▸ **Exercise input**:

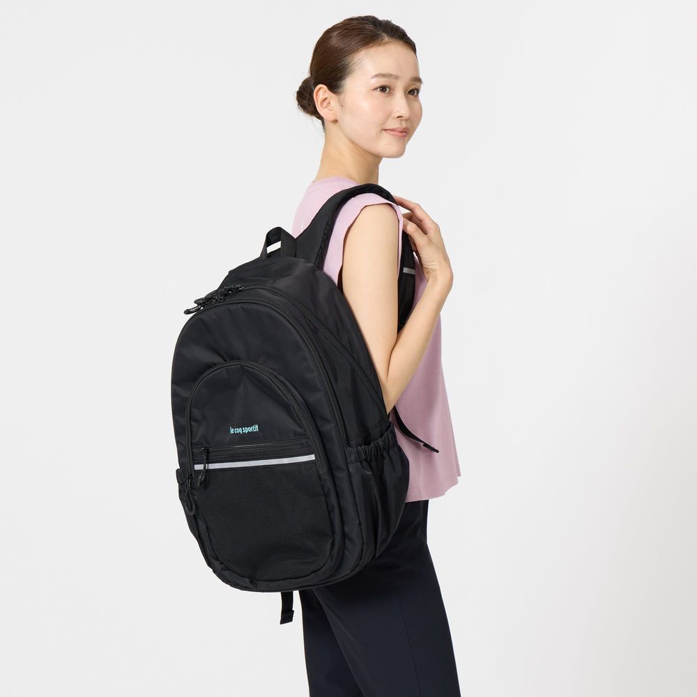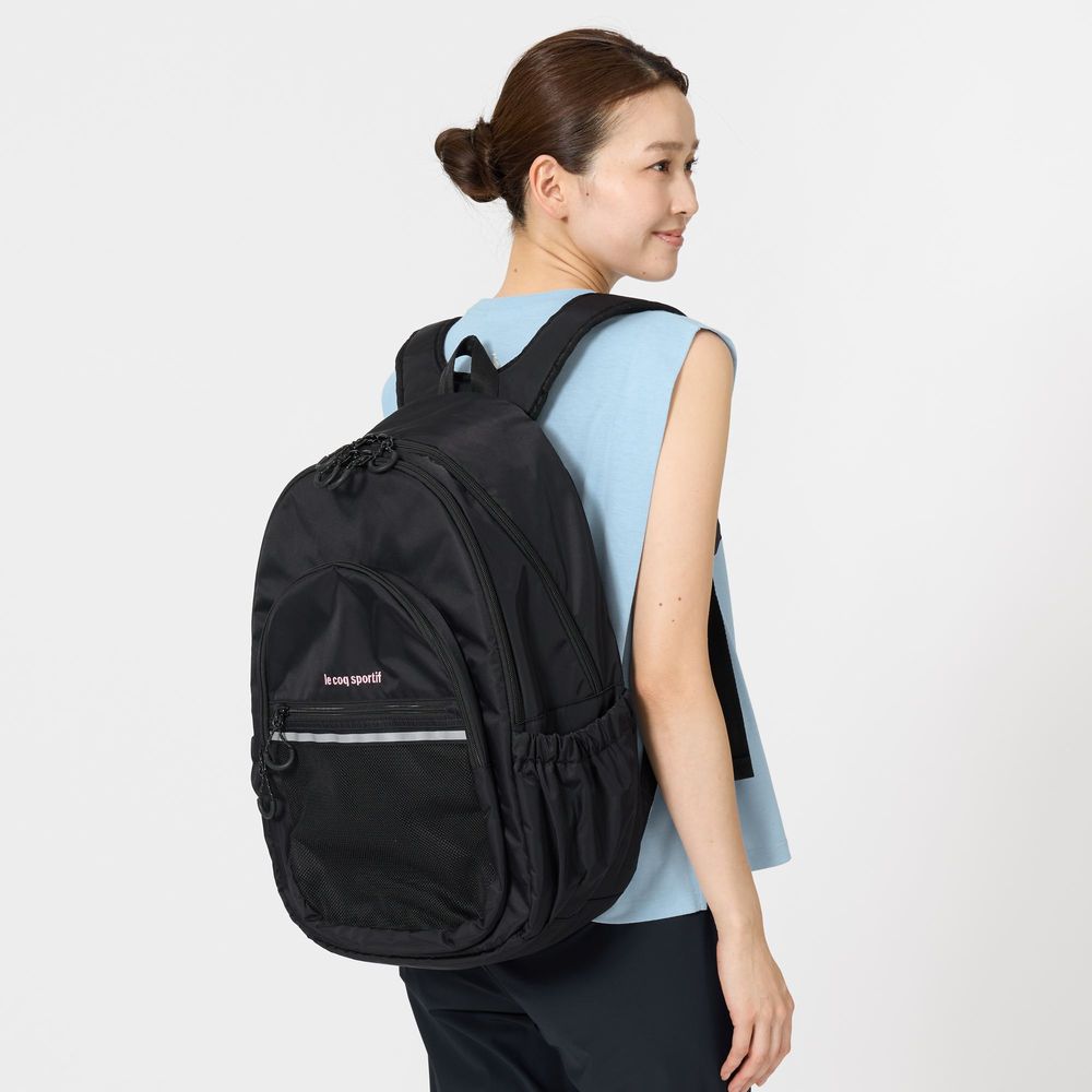 【自分仕様にアレンジ自由】キーホルダーを付けることができるDカンや、中身の見えるメッシュ素材のフロントポケットにお気に入りアイテムを収納し自分だけのバッグパックにアレンジ。容量はメインルームだけで約27Lと大容量。A4サイズを収納可能なPC・タブレットポケット付。サイドにはボトルや折畳傘が収まるメッシュポケット付。
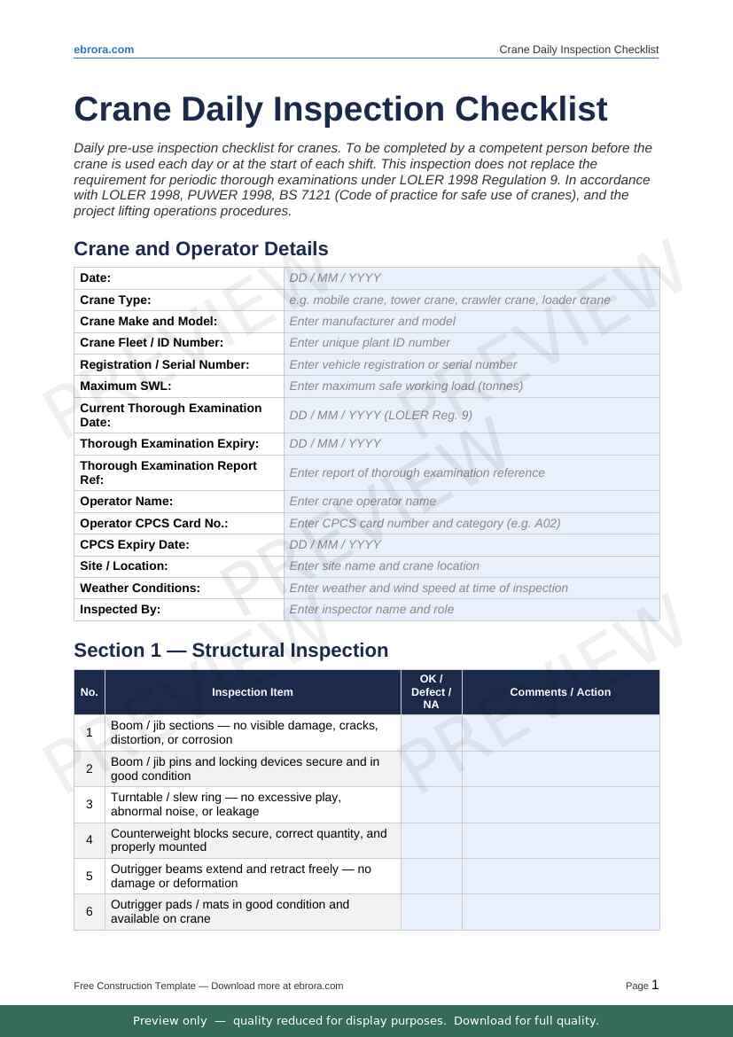 Free Word template: Crane Daily Inspection Checklist. Download for UK construction sites.
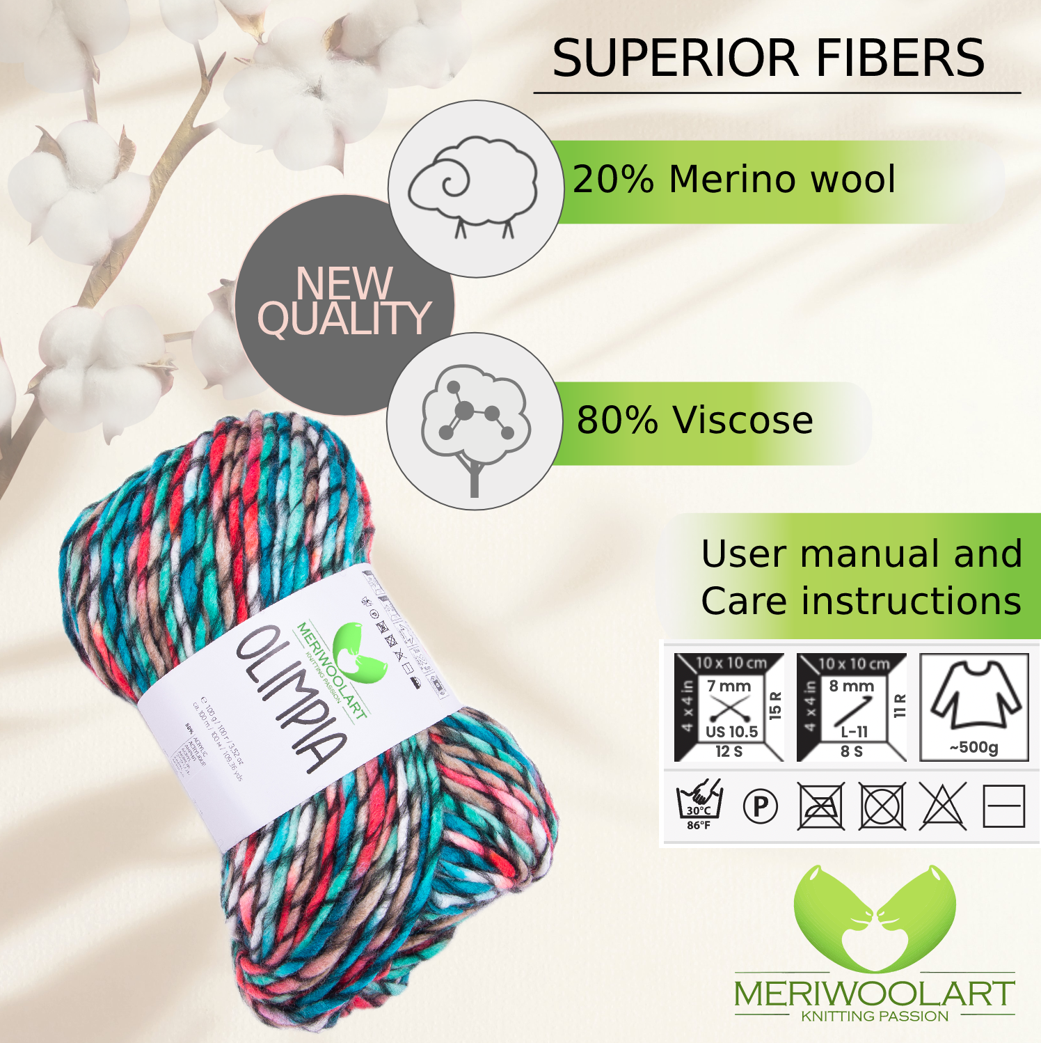- 20% of merino wool fibre makes it one of the most luxurious giant yarn you can buy. If you want the softest merino wool, this is the one.
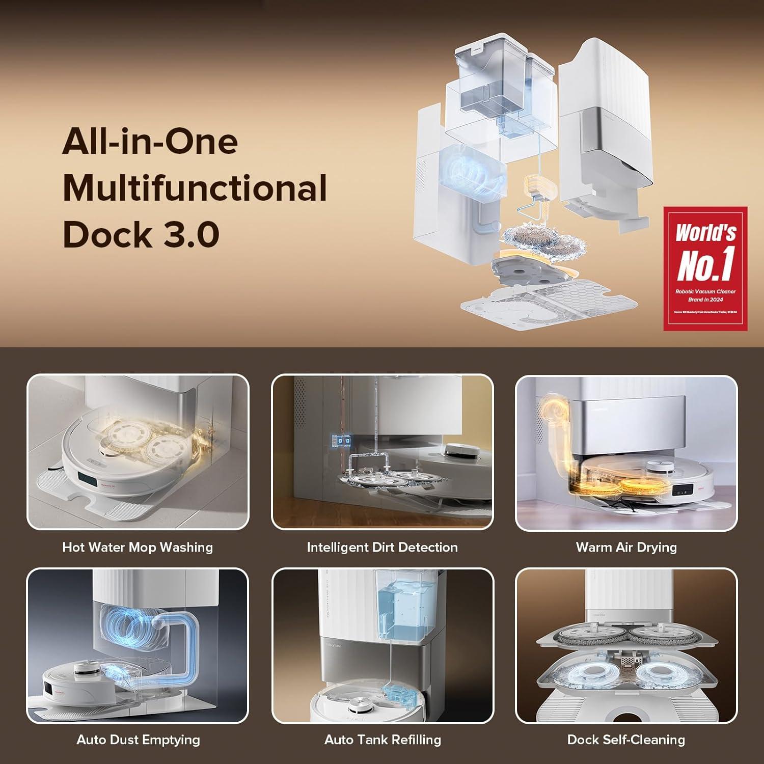 Multifunctional Dock 3.0 – Upgrade to unmatched convenience with our advanced docking station. Intelligent Dirt Detection uses hot water for a thorough mop rinse and revisits heavily soiled areas for spotless floors. The hot water mop wash and 113°F warm air drying keep the mop fresh and ready. Enjoy 7+ weeks without emptying thanks to automatic dust collection and water replenishment. The dock's self-cleaning feature reduces maintenance, ensuring top performance.
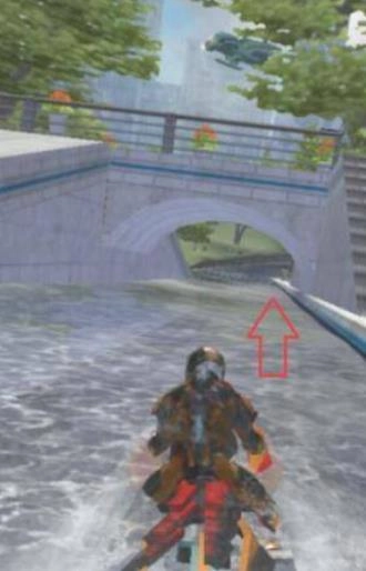行驶到桥洞位置时要留意,得让快艇从缝隙嵌口穿过去,水艇是没办法开上石阶的。
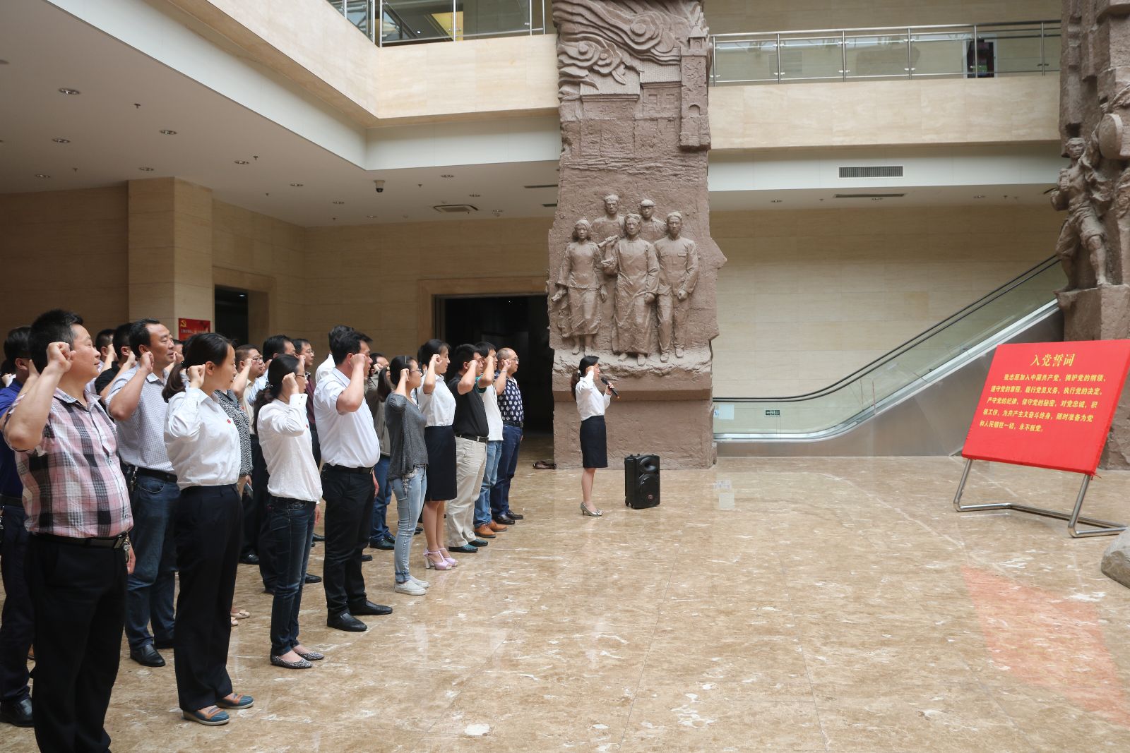 為紀念中國共產黨成立95周年,海通公交公司黨委結合“兩學一做”學習教育活動的開展,6月15日下午2:00,公司領導班子成員、中層干部和機關部室黨員一行80余人,參觀了連云港歷史革命紀念館,緬懷革命先輩,接受革命傳統教育和愛國主義教育。新老黨員站在黨旗前,重溫入黨誓詞,通過宣誓堅定黨員的理想信念。
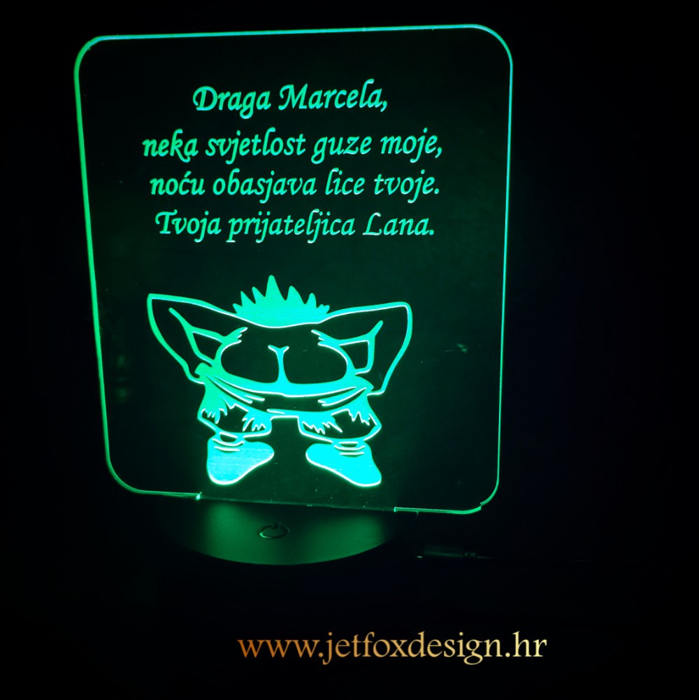 • Motivi i tekst se laserski graviraju na proizrni akril, te je gravra bijela, boje dolaze od osvjetljenja na postolju (RGB tehnologija)
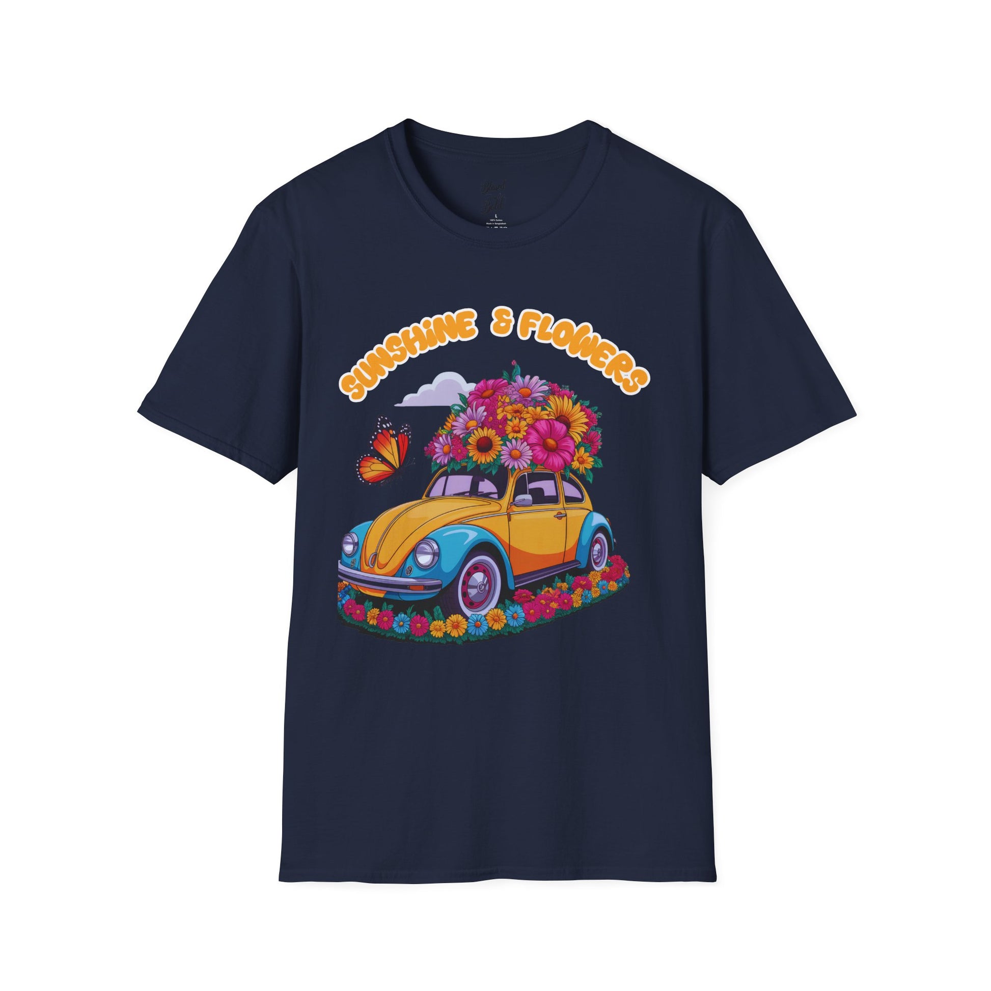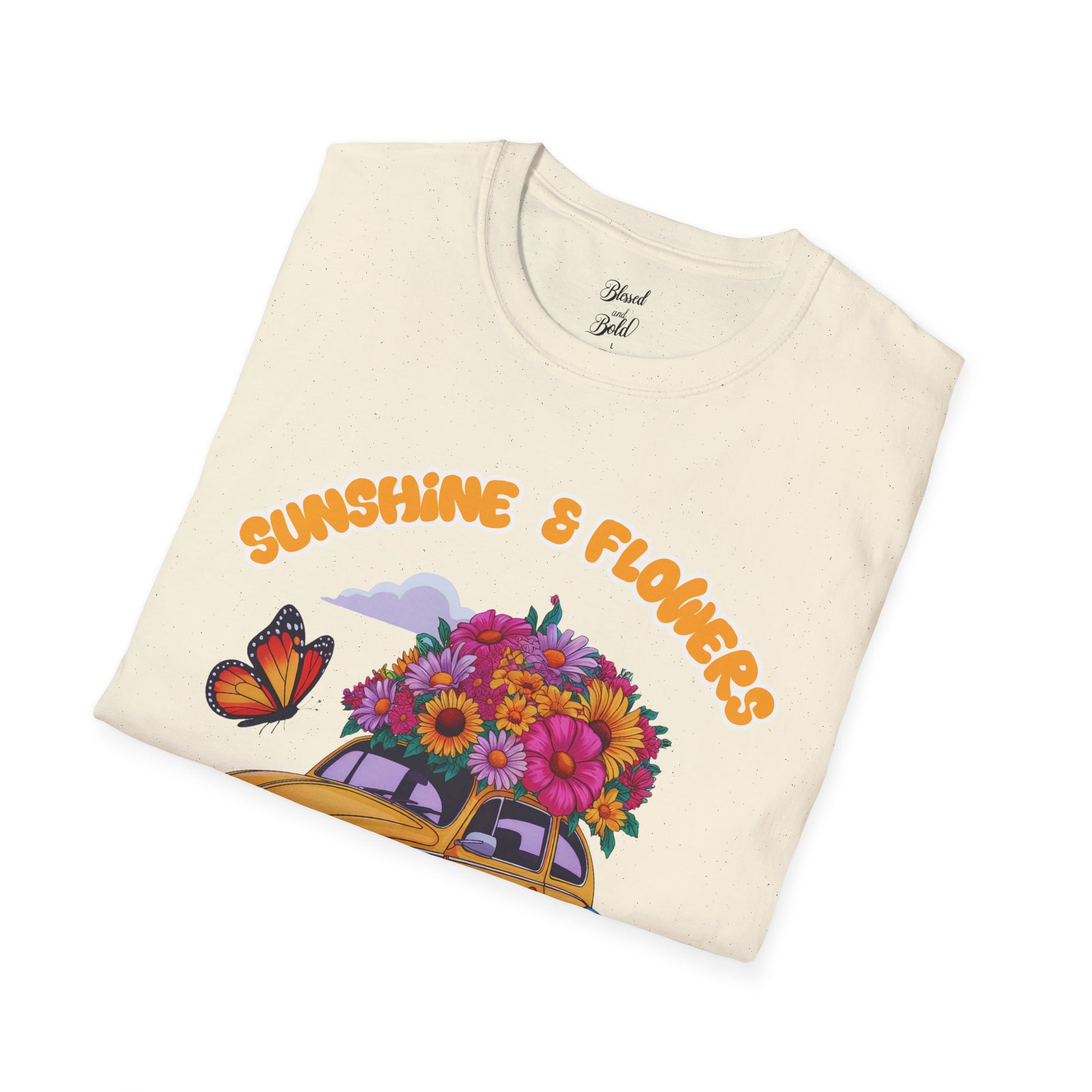 SUNSHINE & FLOWERS unisex softstyle T-shirt made from durable and smooth fabric, perfect for printing. The classic fit and crew neckline offer versatile style for any occasion, delivering a blissful wearing experience. Ideal for adults looking for a comfortable and stylish tee.

▸ **The task**:
Transcribe, word for word, the stretch of lines in the data above from the one with "Free Word template: Crane" through the one with "- 20% of merino"; omit all pictures.

▸ **Reply to the task**:
 Free Word template: Crane Daily Inspection Checklist. Download for UK construction sites.
- 20% of merino wool fibre makes it one of the most luxurious giant yarn you can buy. If you want the softest merino wool, this is the one.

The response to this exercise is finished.